*** Extracted entries ***

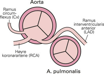 I hjertet (320 g, forventet ca. 300 – 350 g) var det ingen tegn til misdannelser i klaffene eller anomal avgang av aorta eller a. pulmonalis. I høyre sinus valsalvae var det tre ostier – med avgang av høyre koronararterie, ramus interventricularis anterior (LAD) og en relativt tynnkalibret ramus circumflexus. LAD løp mellom aorta og a. pulmonalis (fig 1). Til sammenlikning vises normalanatomien i figur 2. Avgangen av LAD fra aorta var mulig skrått forløpende, men selve ostiet virket rundt, ikke splittformet. Det var ingen okklusjon av arteriene. I myokard ble det bemerket en svak avbleking i venstre fremre vegg.
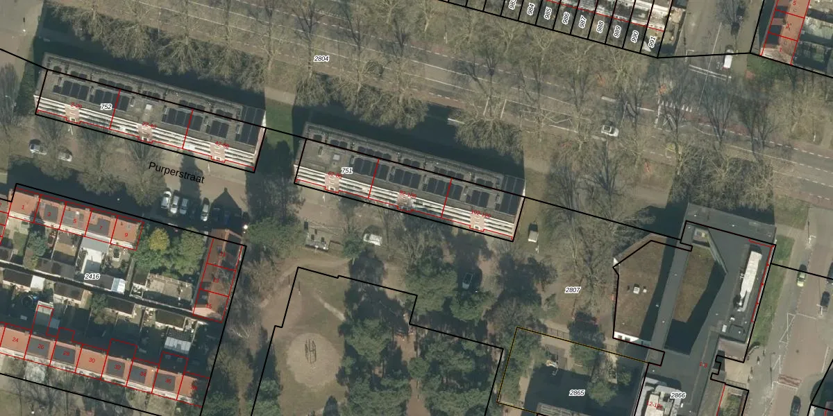 Het perceel waarop Purperstraat 98 staat heeft een oppervlakte van 606 m². Dit is een groot perceel. De perceeloppervlakte wordt geregistreerd door het Kadaster. Gedetailleerde informatie over de maten van dit perceel kunt u vinden in het rapport Kadastrale kaart met maatvoering van Purperstraat 98.
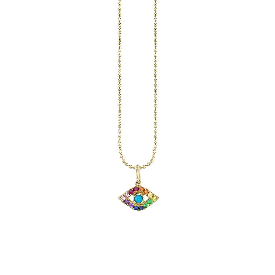 Vibrant and symbolic, this 14k yellow gold protective eye charm necklace is a radiant talisman of protection and positivity. The eye—an ancient symbol believed to ward off negative energy—is reimagined with a bold turquoise center surrounded by a bezel of rainbow-hued gemstones, celebrating color, balance, and spiritual clarity.
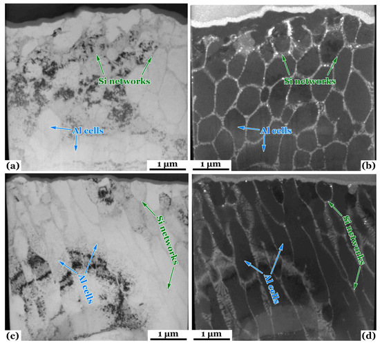 In Figure 3 and Figure 4, Si networks and Al cells are typical microstructure features with characteristic size of sub micrometers. Basically, Si-rich regions are interconnected with each other to constitute a continuous web of Si networks, and the rest can be regarded as many isolated islands, namely Al cells. In TEM samples A1 and B1, Al cells and Si networks are near-equiaxed; and in samples A2 and B2, Al cells and Si networks are all elongated. It is noted that the elongation in samples A2 and B2 are with different directions. In comparison with Figure 3a–d and Figure 4c,d, there is only one grain of Al solid solution in sample A1, A2, and B2. This means that all Al cells are with the same orientation, and most of the Si networks keep another same orientation in these samples. In comparison with Figure 4a,b, only a few (two or three) nanograins with size about hundreds of nanometers appear in the upper right corner of sample B1, and the grain boundaries are clearly visible. In the neighbor of nanograins, there is still only one big grain whose equivalent size is larger than 6 μm.
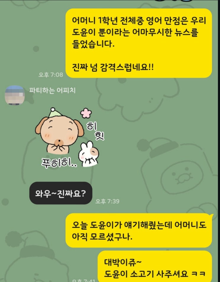 안녕하세요! 행복한 강쌤입니다 기말고사 막바지 준비로 너무 바빠서 포스팅을 최근 못했었는데. . 오늘은 진짜 #어메이징뉴스 를 가지고 왔어요! 안쓸수가 없었어요! 이런건 꼭 알려야쥬~ 능주중 1학년 우리 도윤이(김도윤)! 중간고사때도 영어가 100점이었는데, 기말고사에도 또 100점! 연속해서 100점 받아오는것도 대단한데, 1학년 전체에서 혼자 만점이라는게 더 대박! 와~ 정말 흥분되는 뉴스였어요! 열심히 지도했고, 잘 따라와준 도윤이에게 너무 고맙네요. 어머니께도 카톡드렸지요. 진짜 대단하다 도윤아 너무너무 자랑스럽고 뿌듯하구나. 어머니께서 사주시는 쇠고기도 맛있게 먹어라! 쌤도 시험마무리하구 선물해줄....... <img src="https://blogthumb.pstatic.net/MjAyNTEyMTBfMjgx/MDAxNzY1MzY3NjQ0NDQx.LYEe3nflyJtgfAdVnYDuuOzP3gGtmBGAvPibSSWIIGEg.87SSJs5XHQKoI4BeMDpauMSWdt2Ix1obhzjnGOBJ9T0g.JPEG/IMG%A3%DF0283.jpg?type=s3" />
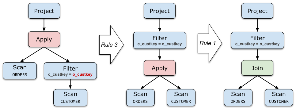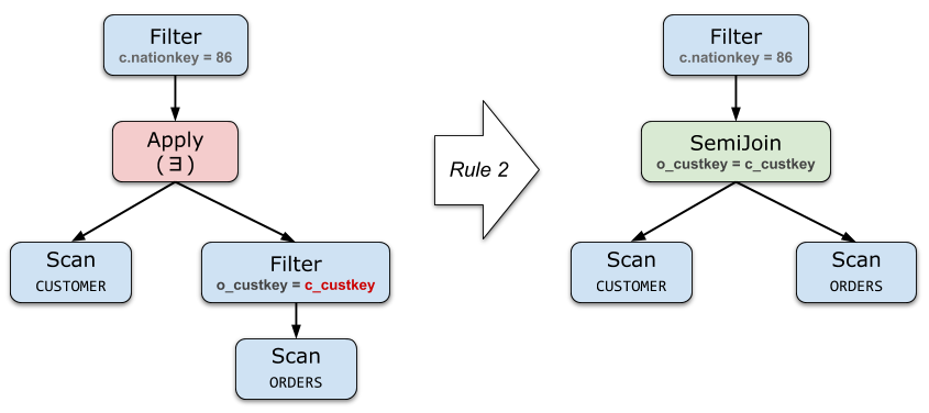 上文说到的 Relation - Expression - Relation 这种交替引用不仅执行性能堪忧,而且,对于优化器也是个麻烦的存在——我们的优化规则都是在匹配并且对 Relation 进行变换,而这里的子查询却藏在 Expression 里,令人无从下手。
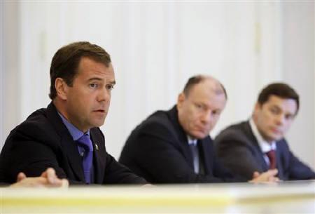 梅德韦杰夫当天召集企业界大亨们来到他在索契的黑海夏季寓所,这些大亨包括全球最大铝业公司俄罗斯铝业老板欧柏嘉,以及镍矿集团的大股东波塔宁。
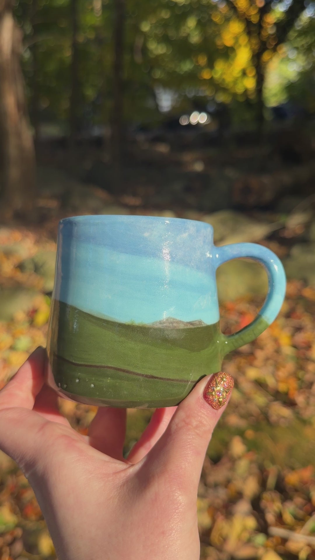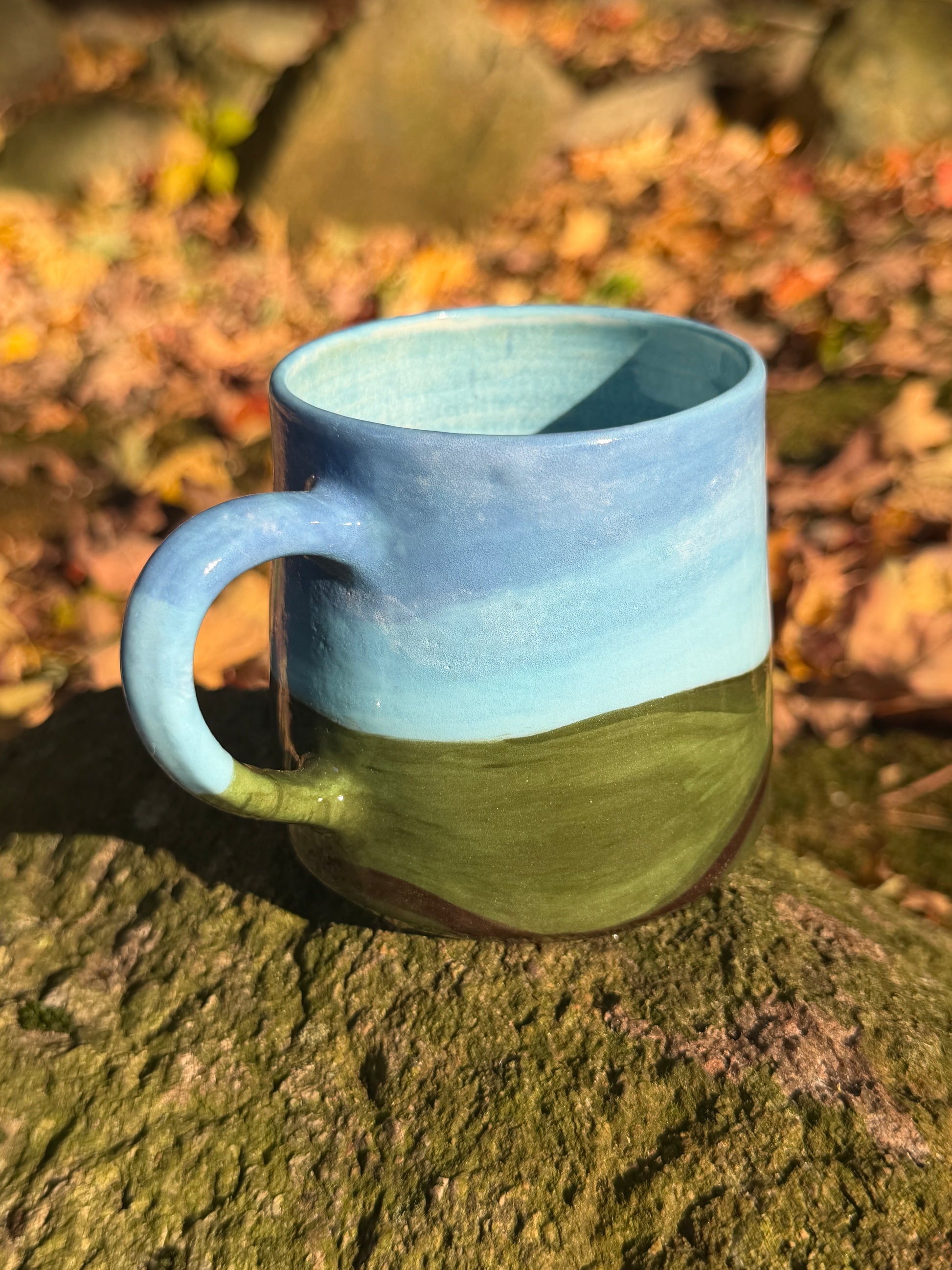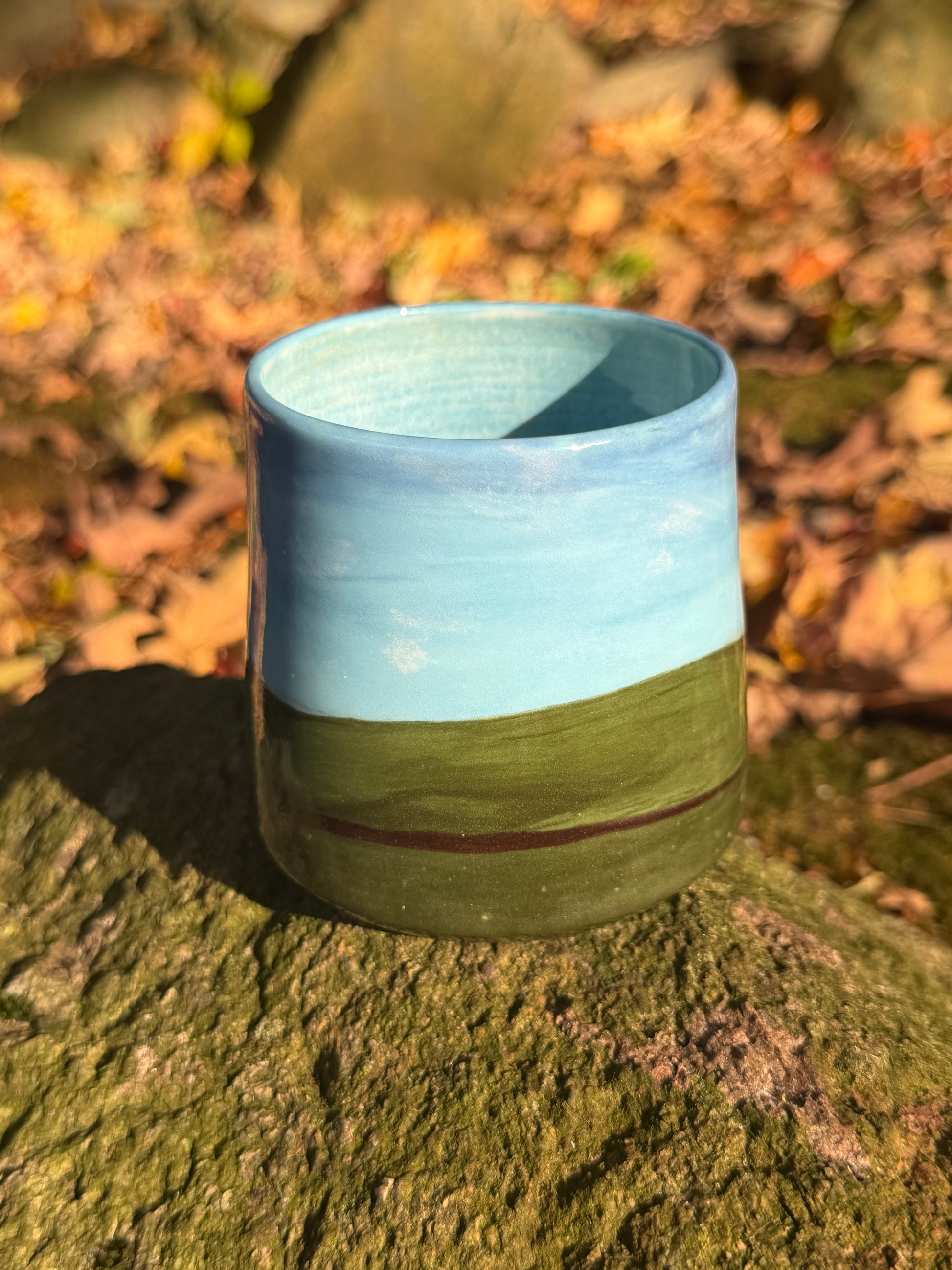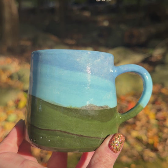 ~10 oz porcelain mug, hand painted á la windows ‘98. Minor glaze imperfections that do not interfere with functionality on exterior.

*** End of Extracted entries ***

**Task to complete:** Retype the lines from the one containing "上文说到的 Relation - Expression" down to the last line of the records, both included, exactly and nothing more. Pictures stay out.

**Exercise response:**
 上文说到的 Relation - Expression - Relation 这种交替引用不仅执行性能堪忧,而且,对于优化器也是个麻烦的存在——我们的优化规则都是在匹配并且对 Relation 进行变换,而这里的子查询却藏在 Expression 里,令人无从下手。
 梅德韦杰夫当天召集企业界大亨们来到他在索契的黑海夏季寓所,这些大亨包括全球最大铝业公司俄罗斯铝业老板欧柏嘉,以及镍矿集团的大股东波塔宁。
 ~10 oz porcelain mug, hand painted á la windows ‘98. Minor glaze imperfections that do not interfere with functionality on exterior.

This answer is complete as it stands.